Martin B. comments on what may be the most viable next steps for RAL.

T1-to-site link uses a separate 10 Gb/s link for IPv6. Can be upgraded to

40 Gb/s when needed.

LHCb (Raja N.): Nothing new. apart from the SARA problem (see above). A consequence is that SARA had to address a number of firewall issues.

EOS smoothly went to dual stack for LHCb.

KIT (Bruno H.): Deploying new storage system, in principle IPv6-compliant.

And handling ARC-CE issues (see above for details).

Alice (Costin G.): Comments on page (http://alimonitor.cern.ch/ipv6/) showing the overall reachability status of all Alice services.

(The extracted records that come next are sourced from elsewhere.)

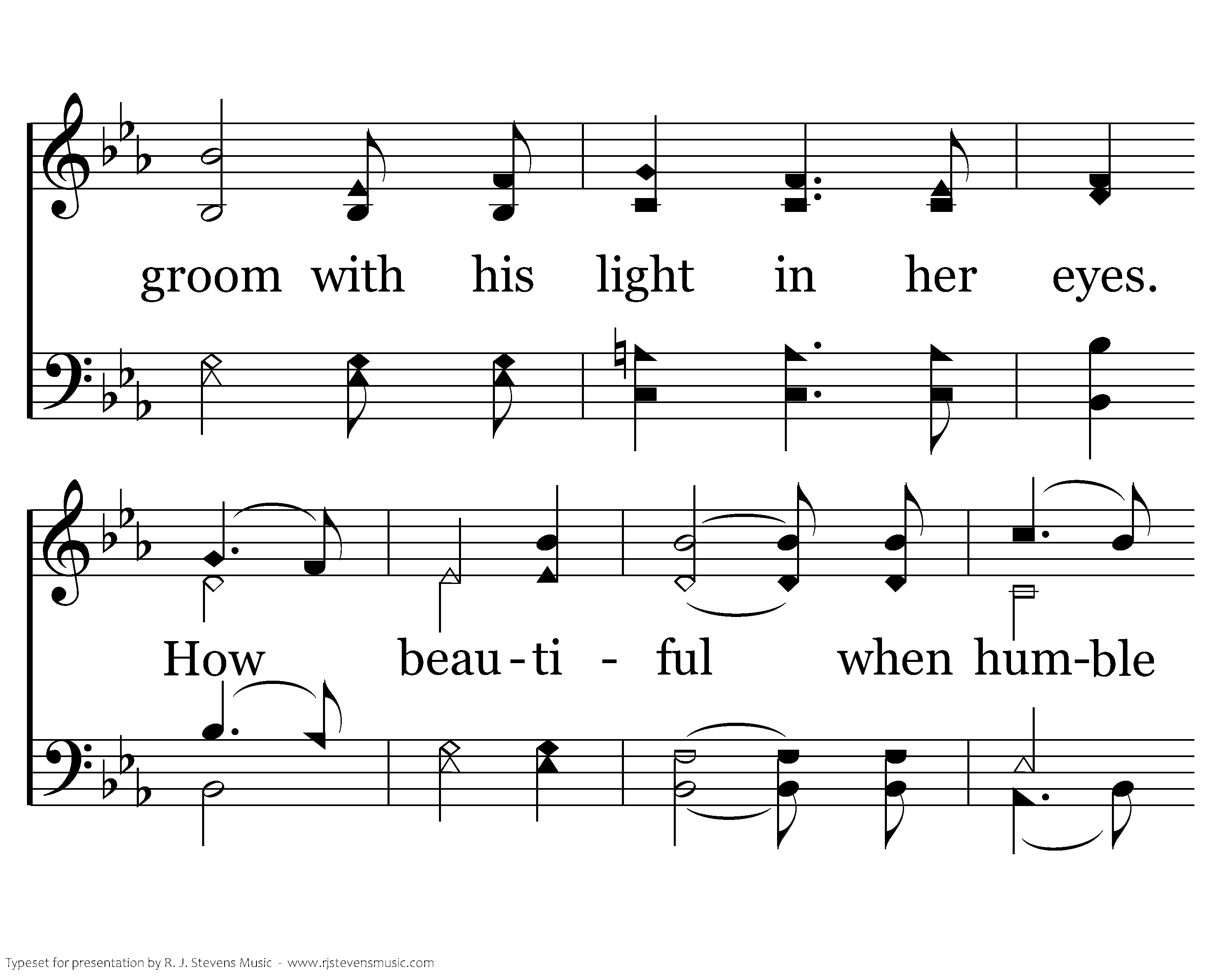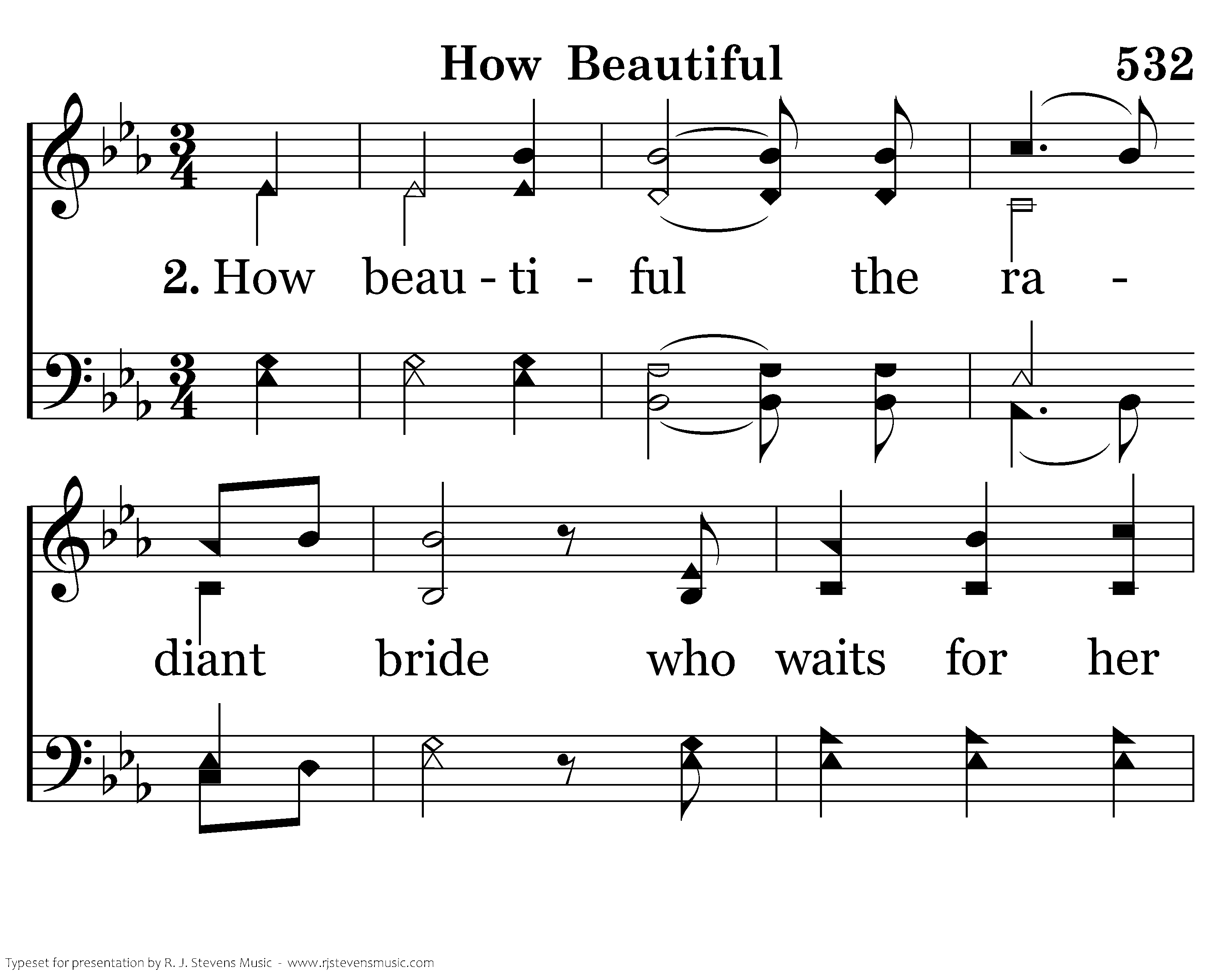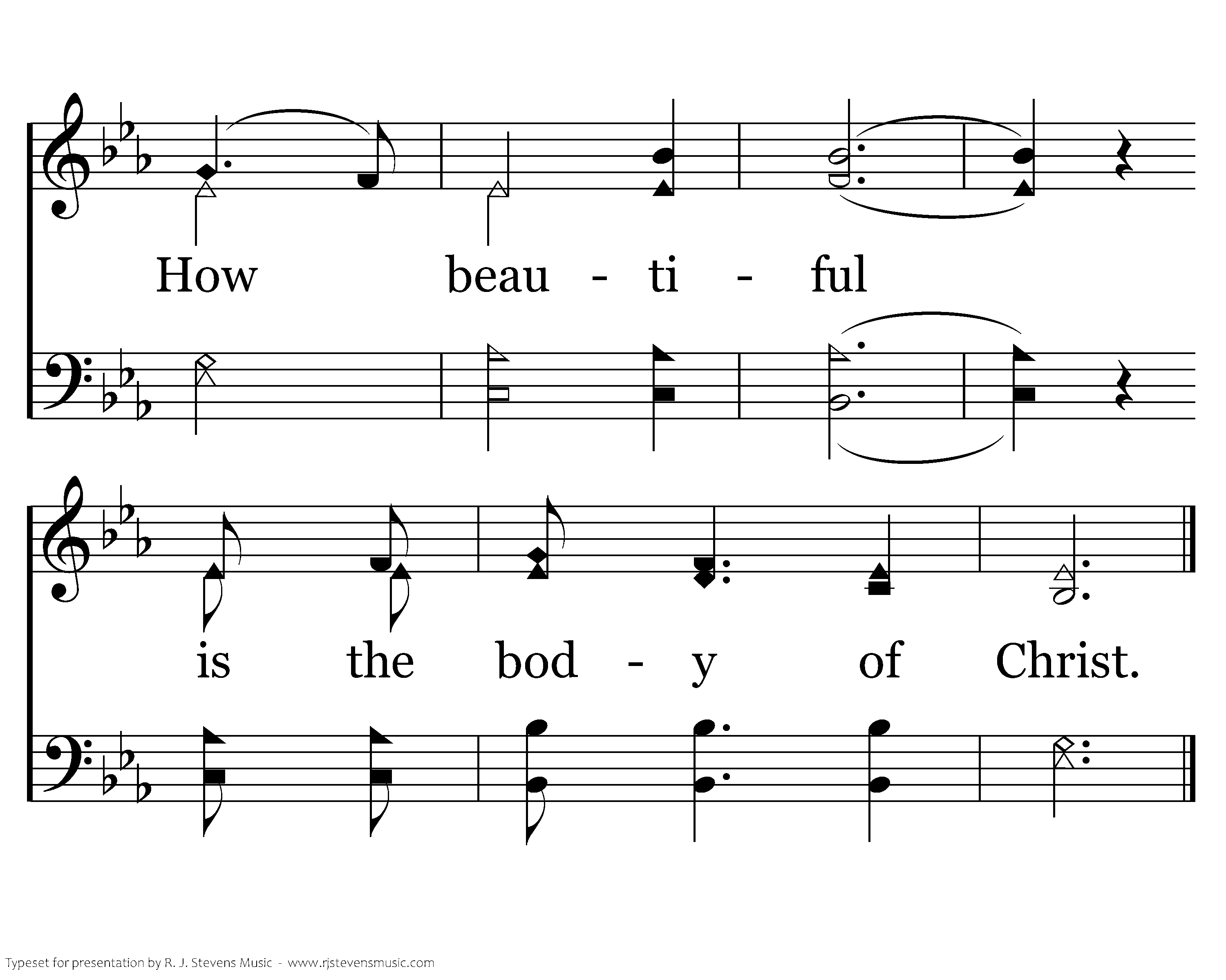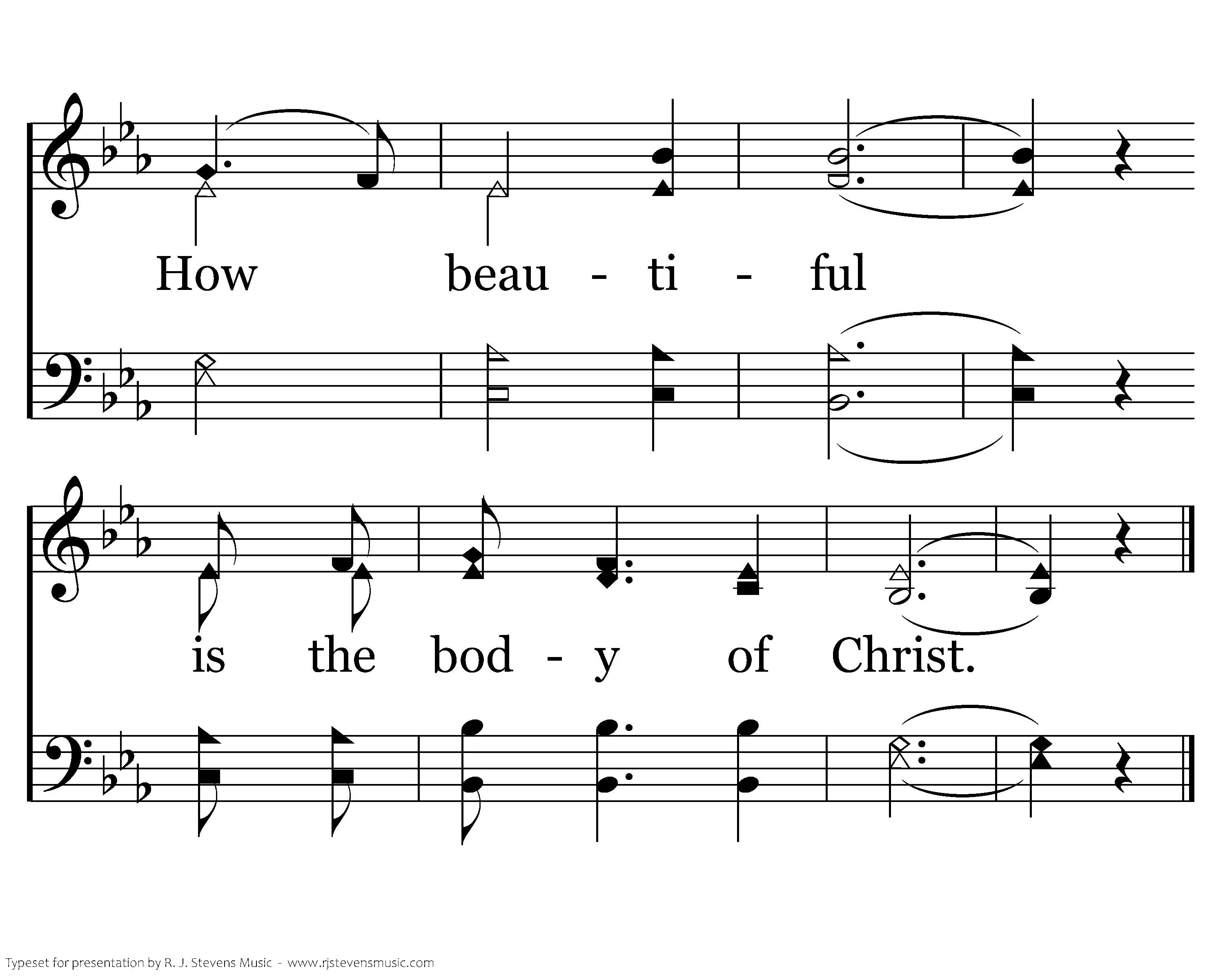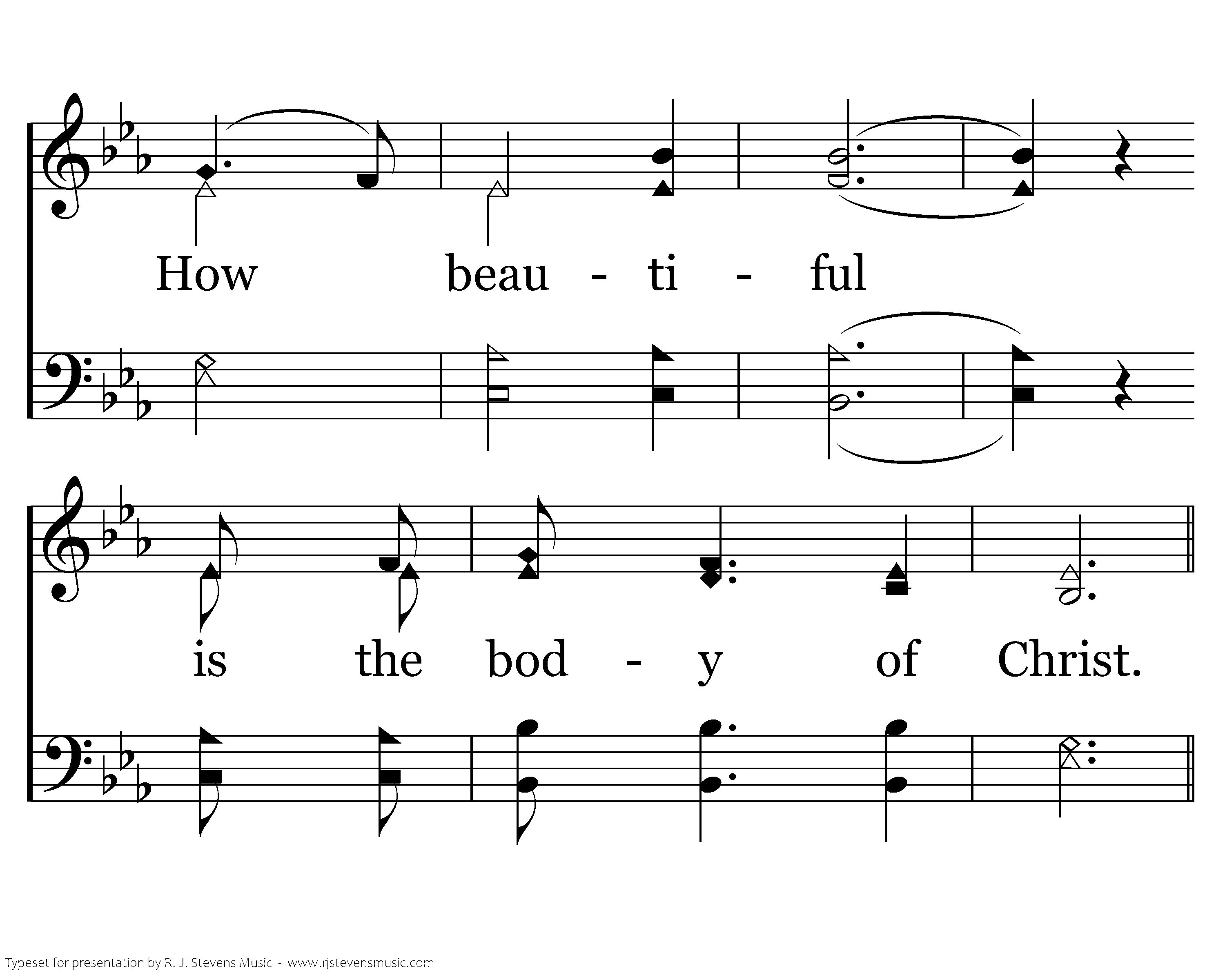 How beautiful the radiant bride who waits for her groom with his light in her eyes. How beautiful when humble hearts give the fruit of pure lives so that others may live. How beautiful, How beautiful How beautiful is the body of Christ.
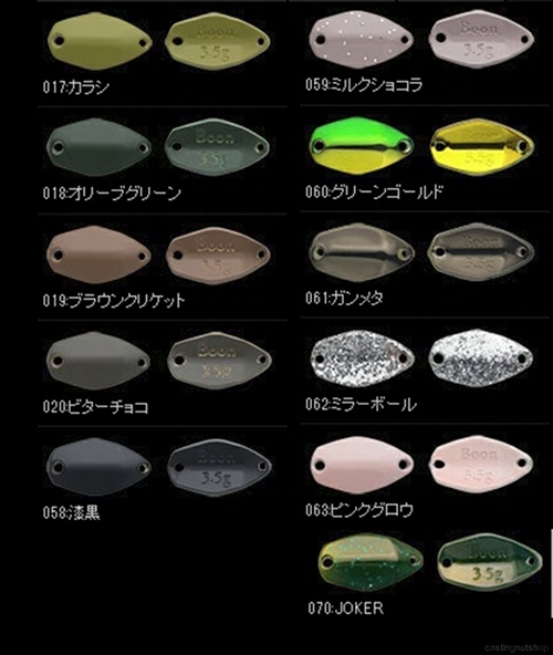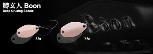 今までのトラウトフィッシングにおけるボトムの釣りの基本は、(止めて動かすをどうアクションさせるか)という一点に尽きましたが、この(鱒玄人ブーン)は、ボトムでのリトリーブ、すなわち巻いて釣るという新たなアプローチを提案します。使い方は着底後、底付近を探索する様に、ゆっくりリトリーブして誘い、食わせます。もちろん、止めを効かせたストップ&ゴー、バンピング、シェイキングなどのアングラーからの入力にも高次元に対応。ボトムを攻略するために小ぶりかつ肉厚のボディシェイプに仕上げてあるので、逆風下でもロングキャストを可能にしています。ボトムを手返しよくリーリングで攻略する、新たなカテゴリーのスプーンです。 ボトムクルーズバランス画像左が鱒玄人Boon 3.5g、右は鱒玄人Weeper 1.5g。シルエットサイズが近い2アイテムだが、倍以上のウエイト差を生み出す板厚の違いに注目。この水受け面積と重さのバランスで、浮かせない巻き(ボトムクルーズ)を可能にしています。浮き上がりを抑えたボトム専用設計モデル。 分厚い板厚とスモールシルエットで抜群な遠投性能を発揮。 リトリーブ、シェイク、リフト&フォールと幅広く対応。 低活性時や放流後の落ち着いた魚も効率よく攻略。
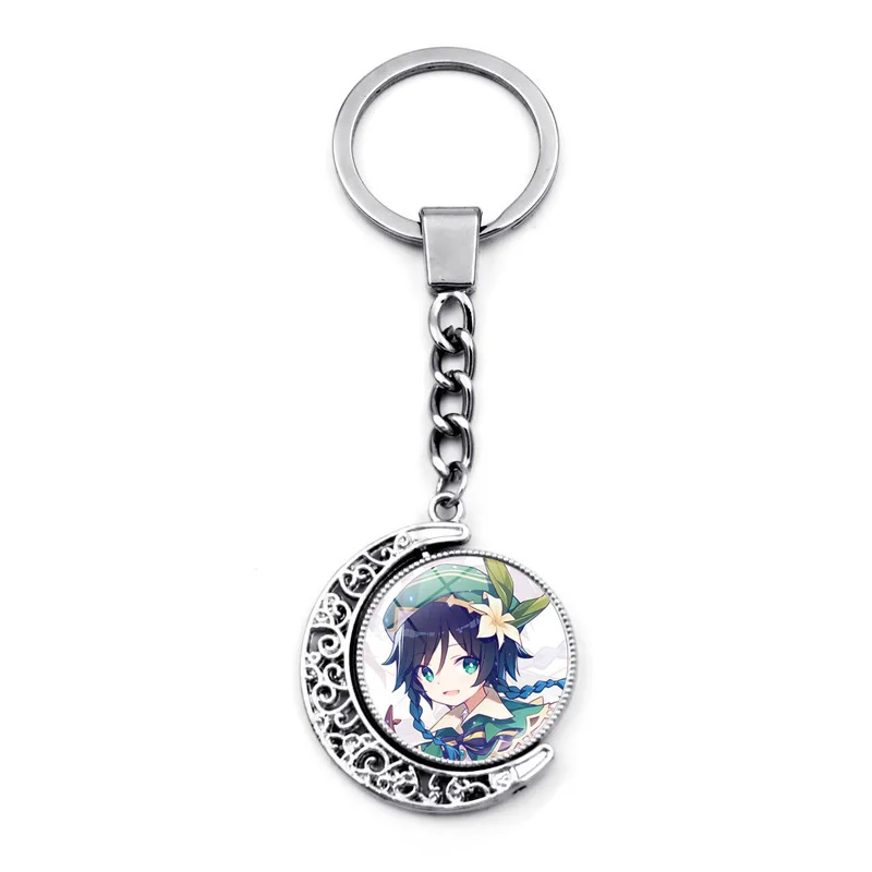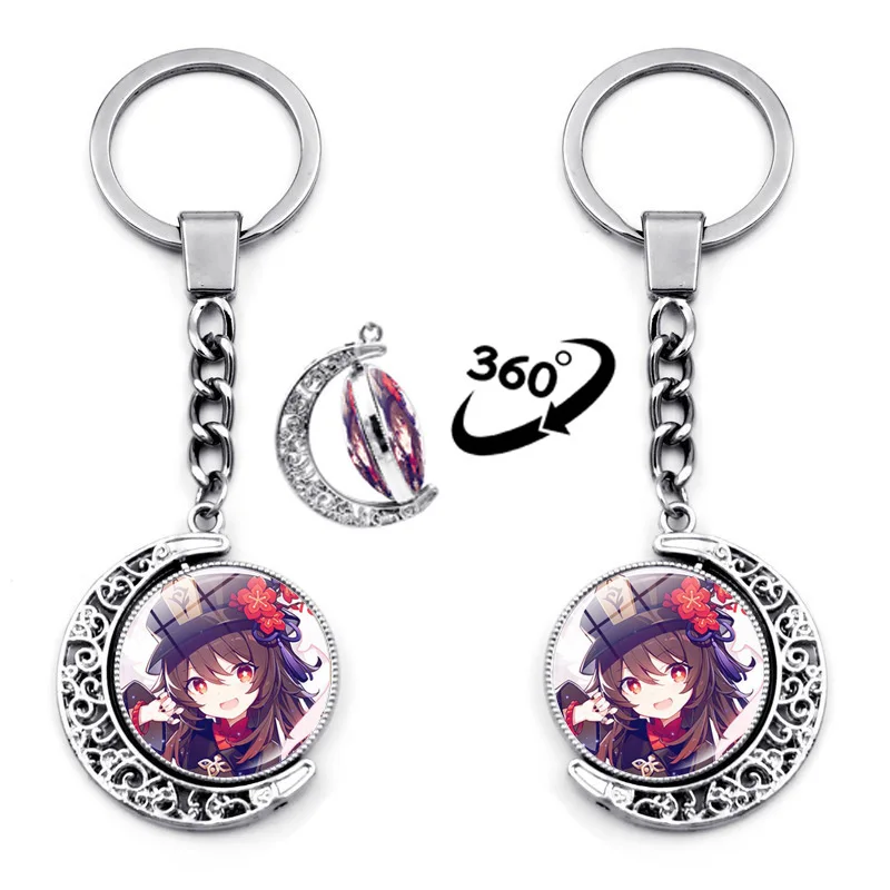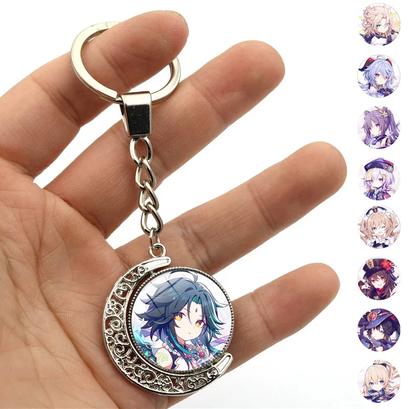 Брелок Game Genshin Impact с мультяшным персонажем, поворот на 360 градусов, подвеска в виде Луны, аниме брелок с подвесками, металлическое кольцо для ключей, подарок для женщин

There are just 6 sites with IPv6-reachable storage, and this hasn't been changing for a while... Need to find a strategy to compel sites to move.

CMS (Andrea S.): Progress on testing IPv6 job submission infrastructure.

Jobs could be successfully submitted to IPv6-only worker nodes @Brunel, but they failed on *dual-stack* worker nodes. Weird.

A new version of Condor will be installed on the testbed to see if it cures this problem.

A CMS-internal survey was conducted: a PDF report and a Twiki link are posted to the meeting Agenda page.

All information reported was collected by contacting the individual sites directly. Easy channels should be available to allow sites to get information about IPv6.

Dave K: There seem to be more sites in 'green' status than Alice.

"It could be worse".

INFN (Francesco P.): No new sites joined IPv6 over the summer. This may need a wake-up call specifically for Tier-2 sites. Still unable to lead this process from Milan: Milan T2 management (Atlas) doesn't want to risk downtime for this purpose.

May try Turin (Alice site), which is close enough.

Currently organising an IPv6 session at INFN security workshop on November 14th.

Plan to set up an INFN-internal induction/training course for 2018.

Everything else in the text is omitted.